Campus columnist 2025 nominee
Op de Fiets in de Winter
We are well into winter. Or perhaps you’re reading this sometime in the summer, in which case, screw you.
The Dutch winter has an annoying trait wherein it gets cold, but not cold enough to experience any of the cool things that come with cold weather. It’s as if there was a fight among the elements, and a compromise was reached to split the baby where everyone would be equally unhappy with the gloomy scene outside of the window. Getting out of bed is a challenge as is, but the real betrayal is having the nightly warmth sucked out of you; shivering as winter wraps around you like an unsolicited advance.
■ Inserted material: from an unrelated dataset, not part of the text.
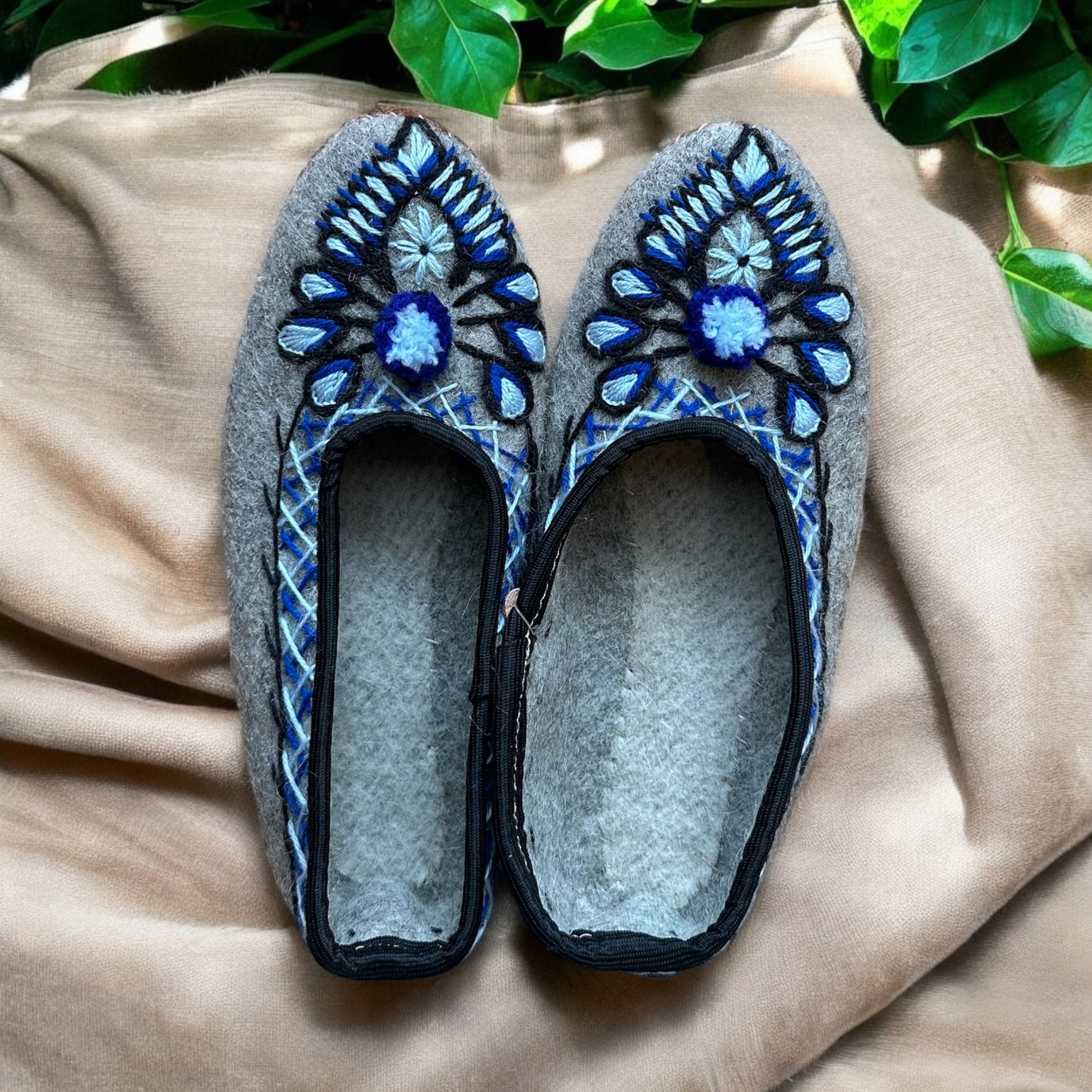 Kapcie z sukna z motywem góralskim, ręcznie haftowane parzenice. Podeszwa skóra naturalna. Ciepłe, wygodne, wytrzymałe.

The real fun, however, is getting around. For the longest time, I didn’t have a fiets. I was one of those stubborn people that would just walk everywhere, even if it took an hour. I couldn’t be bothered to find one, pay the price for it, do the maintenance, etc etc. Nowadays, having moved to Utrecht, my hand has been forced. Whenever I have an early lecture, I am already off to a great start with it still being dark whenever I fetch it from the shed. I do at least have the luxury of being able to store it indoors; I dread the thought of having my rear go for a cold plunge as I lower myself onto the bike seat. Now luckily, we have rules and laws against any aspiring knight riders, in that fietslampen are required. When everyone has their lights beaming, things tend to be fine. Things are not always fine. I’ve come to find that the Dutch are okay with theft if you’re stealing a fietslamp.
So the journey begins. While I have considered gloves a rather useful invention, I don’t think I’ve ever appreciated them as much as whenever I’d forget to bring them. If one could ever grab the North Pole, that’s what it’d feel like. Having not grown up in the Netherlands, I do not have the ability to simply tuck my hands away into my pockets and steer with hip strength alone.
The early winter has a fun added challenge of autumnal leaves lingering around the edges of the fietspad, in case the wet ground and ice was too grippy for you. From experience, a winter coat provides good protection to injury whenever your fiets slips from under you. Your ego however, not as much.
Last, but not least, the wind. In a country where one is solely at the mercy of human engineering to avoid the wind, it’s a chore to constantly cycle against it, no matter which direction you’re headed. It’s as if the weather here exists as one angsty fit, with its sole mission of being as much of a pain as possible.
Some things in life don’t have a point. This is one of those things.